What do we mean by that? At its core, you give an LLM a text and it predicts the next token. A token is basically just a part of a text (for example a token might be “an” or “123” or “this” or “th”).
For example, the input text could be the text “What is a Large Language”. Then the LLM might predict that the next token should be “ Model”. The resulting text would then be “What is a Large Language Model”.
However, if you’ve ever talked to something like ChatGPT, you know that LLMs don’t just give the next token but instead respond with complete texts. How do they do that?
The answer is embarrassingly simple - LLMs generate texts one token at a time.
Again, let’s say that the text to be completed is “What is a Large Language”.
The LLM might predict “ Model” as the next token. Now you would take the text together with the next token (“What is a Large Language Model”) and feed it into the model again, asking it to predict the next token which might be “?”. You can now again take the text together with the next token (“What is a Large Language Model?”) and feed it into the model.

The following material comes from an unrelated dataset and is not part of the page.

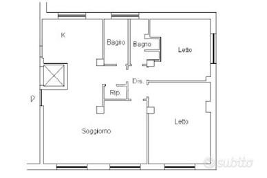 L'immobile è composto da doppio soggiorno, ripostiglio, cucina con secondo ripostglio, due camere da letto e due bagni finestrati entrambi con box doccia.
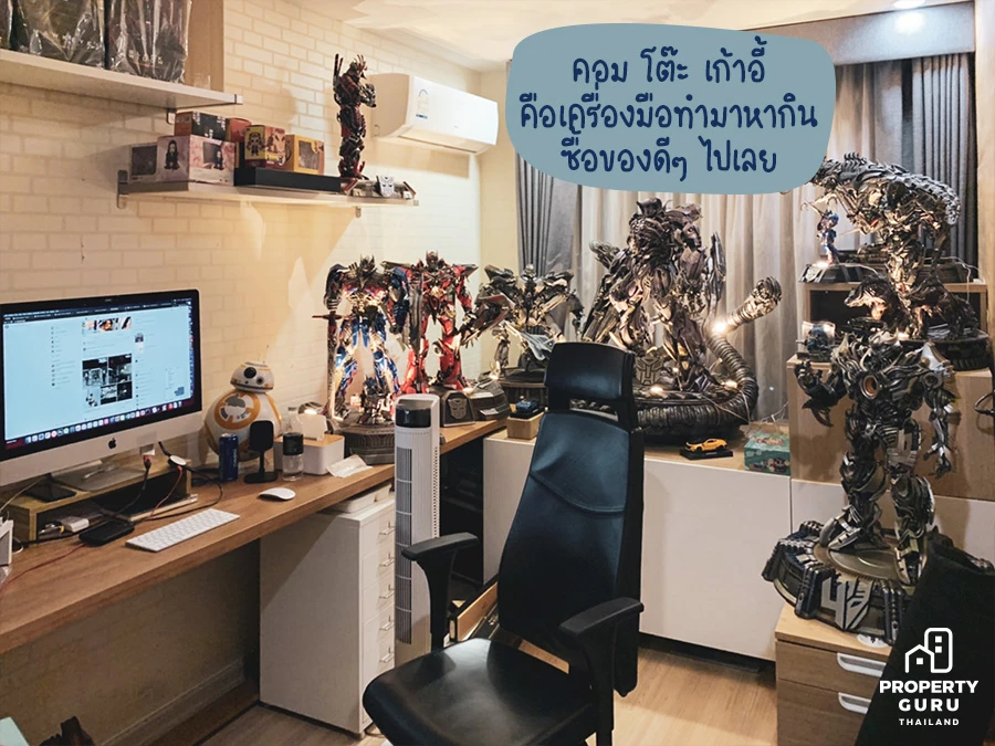คอนโดของคุณแบงค์เป็นคอนโด 2 ห้องนอน ที่แบ่งห้องหนึ่งมาทำเป็นห้องทำงาน หลักๆ แล้วการจัดวางห้องทำงานของคุณแบงค์จะเน้นความแข็งแรง ความทนทานของอุปกรณ์ต่างๆ เช่น คอมพิวเตอร์ โต๊ะทำงาน เก้าอี้ทำงาน และชั้นวางของ ต้องเป็นของดีๆ อาจจะราคาสูงไปบ้าง แต่ก็จะคุ้มค่ากับราคา เพราะสิ่งของเหล่านี้คือเครื่องมือหากิน ไม่ว่าจะทำงานที่ออฟฟิศ หรือทำงานที่บ้าน ของเหล่านี้ล้วนสำคัญค่ะ ส่วนตัวคุณแบงค์เป็นคนที่ชื่นชอบการสะสมโมเดล ของเล่นเป็นชีวิตจิตใจ จึงนำมาจัดวางเพิ่มบรรยากาศให้กับห้องทำงานของตัวเอง เลยทำให้มีความสุขในการทำงานไปด้วยนั่นเองค่ะ สำหรับใครที่ต้อง Work From Home อยู่ตอนนี้ นอกจากต้องนั่งทำงานอย่างเดียวแล้ว อาจจะลองหาไอเดียใหม่ๆ สร้างบรรยากาศในมุมทำงานด้วยสิ่งของที่ตัวเองชื่นชอบ ก็อาจจะทำให้การทำงานที่บ้านนั้นสนุก และมีสีสันขึ้นมาบ้างก็ได้นะคะ

This process continues until either a maximum number of tokens has been reached or the predicted token is a special EOS (end of sequence) token which basically stands for “this sequence is over, stop generating”. For example, if upon feeding the text “What is Large Language Model?” the model predicts the EOS token as the next token, the generation would end.
Ok, so LLMs complete texts by repeatedly predicting the next token. But how do they predict the next token? To adequately explain that, we need to introduce a concept called “embeddings” first.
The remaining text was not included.